IDC Predicts Total Public and Private Cloud Services Spending in Central and Eastern Europe to Reach $2.5 Billion in 2020

(PresseBox) ( Frankfurt am Main, )
Cloud services represented one of the most dynamic areas of the IT market in Central and Eastern Europe (CEE) in 2015, according to the Central and Eastern Europe Cloud Services Market 2016–2020 Forecast and 2015 Vendor Shares report published by International Data Corporation (IDC). The number of cloud services offerings available on the market is growing rapidly, expanding year on year several times faster than most of the traditional IT categories. An increasingly positive perception of cloud in the CEE region goes hand in hand with more developed and healthy economies that are open to innovation, such as the Czech Republic, Poland, and Slovenia.

In 2015, public and private cloud services spending in CEE reached $870 million, representing year-on-year growth of 23.7%. Preliminary research indicates that, in 2016, expenditures on public and private cloud services in CEE increased by 24.9% year on year. Expenditure on public cloud services grew a healthy 25.4% to $770 million in 2015, and, in H1 2016, the CEE public cloud market posted 23.1% growth compared with H1 2015.

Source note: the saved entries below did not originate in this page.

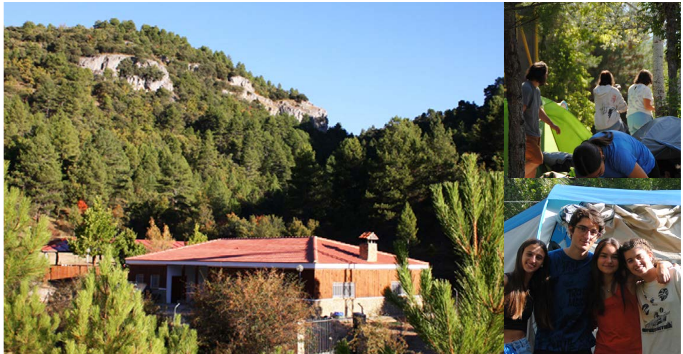
Vista panorámica del bosque en el que se encuentra el Campamento Alto Tajo
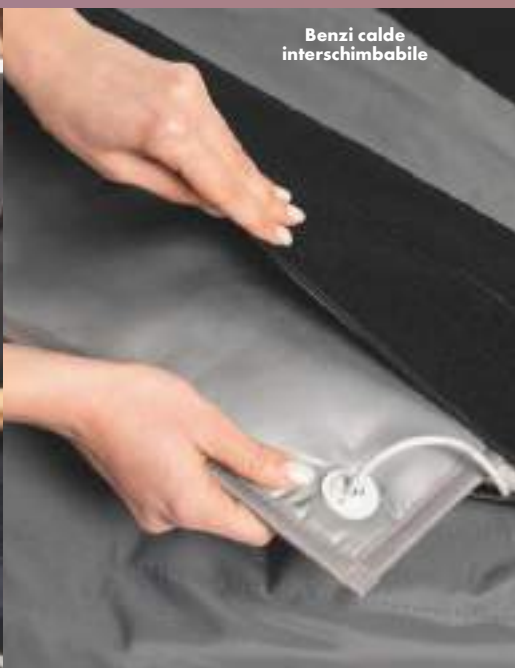
Benzi calde interschimbabile
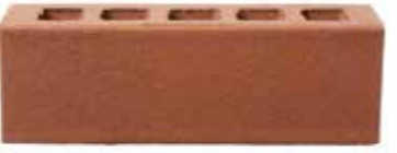
Russo by Austral, Artisan range 467814
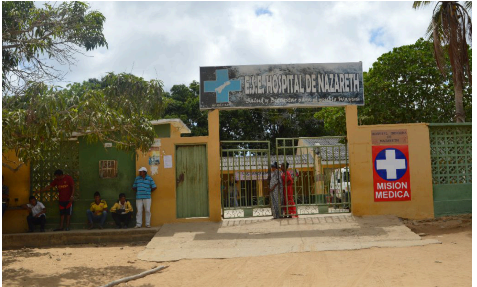
Los hospitales públicos necesitan mejoras en infraestructura para atender a un mayor número de pacientes.

No se pueden dejar de lado los riesgos y las preocupaciones de implementar un modelo donde los hospitales públicos serán la puerta de entrada de los pacientes al sistema para su atención, sin la preparación integral correspondiente. Aterrizando el tema a La Guajira quien cuenta con 16 hospitales públicos en 15 municipios (Uribe cuenta con dos, el local y el de Nazareth) con 1.073.851 de habitantes, sin con-
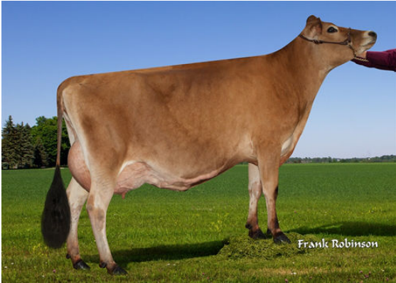
VIERRA MIA GRANDDAM
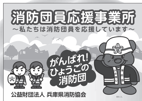
▲消防団員応援事業所ステッカー

※ご登録いただいた事業所には、(公財)兵庫県消防協会マスコット“消太くん”をデザインした『消防団員応援事業所ステッカー』を交付しますので、店頭などに掲出いただけます。 ※「消防団員を応援しているお店」として、店舗や事業所のPR・イメージアップになるとともに、社会貢献にもつながります。
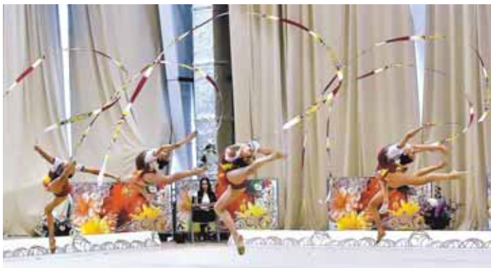
На фото: выступление команды Кемеровской области (кандидаты в мастера спорта).

Текст: Сергей КЛАДОВ.

Through 2020, IDC projects spending on cloud services in CEE to expand at a compound annual growth rate (CAGR) of 23.7%. That means total public and private cloud services expenditures will reach $2.5 billion in 2020.

Cloud solutions are gaining a strong position across industries. In the professional services field, for example, they are helping user organizations to concentrate almost exclusively on their area of expertise by offloading their IT requirements. In the finance and utility sectors, could is enabling businesses to transform, by reducing their in-house IT demands and develop more agile and effective business models. In general, cloud is a tool for speeding up innovations and achieving savings on areas of IT that do not contribute to competitive advantage.

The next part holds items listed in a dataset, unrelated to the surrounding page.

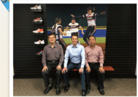
▲ 董事長、總經理與Ringor高階主管，坐在穿著邦泰開發鞋款的2015年美國女子快速壘球冠軍隊大海報前留影(邦泰圖地第5期報導產品)

本公司董事長與總經理，利用4月底風塵僕僕走訪了一趟美國，密集拜訪器材多家重要客戶，包括前往Under Armour波特蘭總部拜會，以及拜訪本公司長期的品牌客戶RINGOR公司，為本公司器材下一階段發展，進行全球重要佈局。
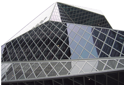
f5_Exterior de la Biblioteca de Seattle 2005, OMA

La firma americana desarrolla el proyecto a través de unas fotografías aéreas que permiten una comprensión completa del edificio dentro de su entorno y también favorecen el entendimiento de la escala, proporciones, materiales, etc. Se muestran los grandiosos interiores, realizando un recorrido visual que permite al visitante acceder a un conocimiento primigenio del lugar sin necesidad de visitarlo físicamente. La narración escrita que se realiza del edificio se basa principalmente en el despliegue de una serie de datos que habitualmente se consideran relevantes en la descripción cuantitativa de un edificio: situación, dimensiones, número de alturas, número de libros, listado de recursos, presupuesto, premios y galardones recibidos, obtención de certificación LEED, etc. Es decir, toda la información facilitada tiene como objetivo la puesta en valor del edificio terminado, incidiendo en sus valores más relevantes de cara a su difusión dentro de un registro principalmente comercial. Por el contrario, desaparece todo vestigio que evoque la imaginación o las posibles interpretaciones que podrían generarse, así como cualquier
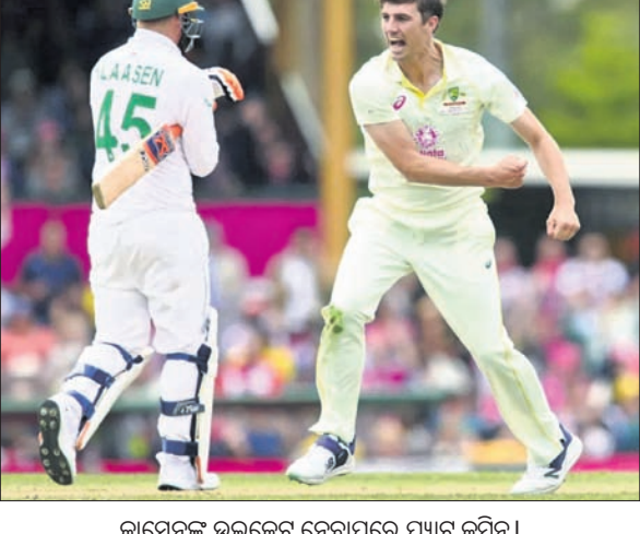
କ୍ଲବ୍ରେ ଉତ୍ତମ ନେତାପରେ ପ୍ୟାଟ୍ କୁନିନ୍।

ଭୁବନେଶ୍ୱର, ୭।୧ (ସ୍ପୋର୍ଟ୍ସ୍ ଡ୍ୟୁରୋ) ଦକ୍ଷିଣ ଆଫ୍ରିକା ବିପକ୍ଷରେ ଖେଳିବା ପାଇଁ ଯୋଗ୍ୟତା ଅର୍ଜନ କରିପାରିବ। ବର୍ଷା ଯୋଗୁ ଶୁକ୍ରବାର ଆଦୌ ଖେଳ ସମ୍ଭବ ହୋଇ ନ ଥିଲା। ଶନିବାର ମଧ୍ୟାହ୍ନ ଭୋଜନ ବିରତି ପୂର୍ବରୁ ମଧ୍ୟ ଖେଳ ହୋଇପାରି ନ ଥିଲା। ଫଳରେ ଅଷ୍ଟ୍ରେଲିଆ ଅଧିନାୟକ ପ୍ୟାଟ୍ କୁନିନ୍ ଇନିଂସ ଯୋଷଣା କରିବାକୁ ବାଧ୍ୟ ହୋଇଥିଲେ। ଫଳରେ ଉତ୍ତମାନ ଖାଜା ୧୯୫ ରନ୍ କରି ଅପରାଜିତ ରହିଥିଲେ ଏବଂ ସେ ଅକ୍ଟୋବର ଦିନରୁ ହାସଲ ହୋଇଥିଲେ।
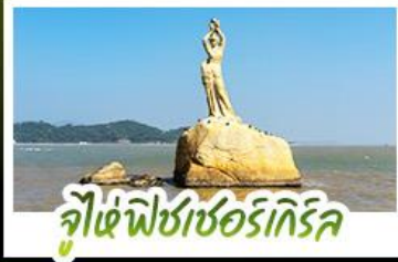
จูไห่ฟิชเชอร์เกิร์ล

ดื่มคำบรรยายที่สุดคลาสสิกสไตล์อังกฤษ ณ THE LONDONER MACAO ไหว้พระ-ตั้ง 3 วัดตั้ง ขอพรการทำงาน การเงิน ความรัก ครอบงำในรูปเดียว ชมความวิจิตรตระการตาของพระราชวังหยวนหมิงหยวนใหม่แห่งจูไห่ ช้อปปิ้งจุใจ ย่านจิมซาจุ่ยและถนนคนเดินฟู้ทวอลล์
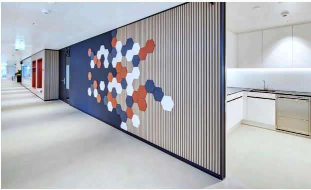
Korridor / Küche
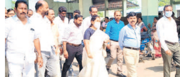
ఖమ్మం వ్యవసాయ మార్కెట్ యార్లూలను పరిశీలిస్తున్న మార్కెటింగ్ డైరెక్టర్

పరిశీలించారు. నిర్మాణాలన్నీ నిబంధనల ప్రకారమే ఉండాలని సూచించారు. అనంతరం పత్తియార్లను సందర్శించారు. రైతులు తీసుకోవాల్సిన పత్తింట్లను
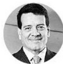
Felipe Bayón Presidente de Ecopetrol

www.larepublica.co Con el informe financiero al tercer trimestre del Grupo Ecopetrol.
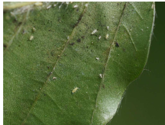
Abb. 4, 5: Lindenblätter mit oberflächlichem Honigtau und an der Blattunterseite mit Blattläusen
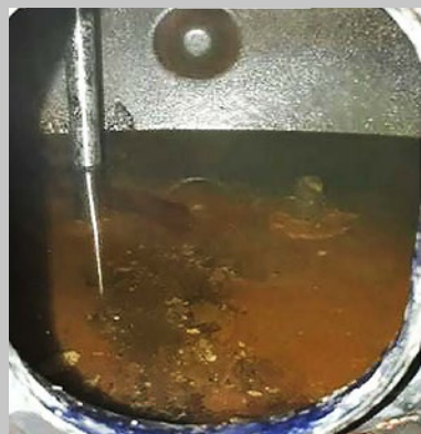
图4和5. 在沃肯(Vulcan)安装后三周, 初步的水垢已经消失。
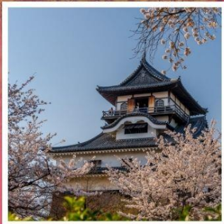
ปราสาทอินุยามะ
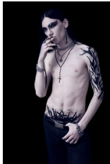
Похож на спортсмена?

«Участники IMPERIAL AGE верят в то, что музыканты должны зарабатывать на жизнь музыкой.

Cloud is replacing traditional outsourcing categories, and the trend of moving infrastructure and workloads from internal server systems to commercial datacenters, and from internal management to a third-party provider, will only gain strength in the next five years. Consequently, on-premises software is being cannibalized by cloud-delivered SaaS and PaaS, and hardware by cloud-delivered IaaS. “In the years to come, the volume of deployed pure cloud offerings as a standalone service will decrease, while demand for cloud services as support for business transformations will grow,” notes Petr Zajonc, program manager at IDC. “More and more 3rd Platform components involving mobility, social media, Internet of Things, and analytics technologies will be delivered as part of complex solutions.”

From the vendor perspective, cloud services remain the most competitive and diverse IT sectors in CEE. In the coming years, global and local providers, new players and traditional IT companies, IT vendors, telecommunications operators, and non-IT businesses will all vie for market shares. Local cloud services providers will struggle to compete with international players in most areas, except for delivering infrastructure as a service (IaaS). IDC has noted that a significant number of CEE end-user companies prefer their IaaS provider to have a nearby physical location with support in the local language.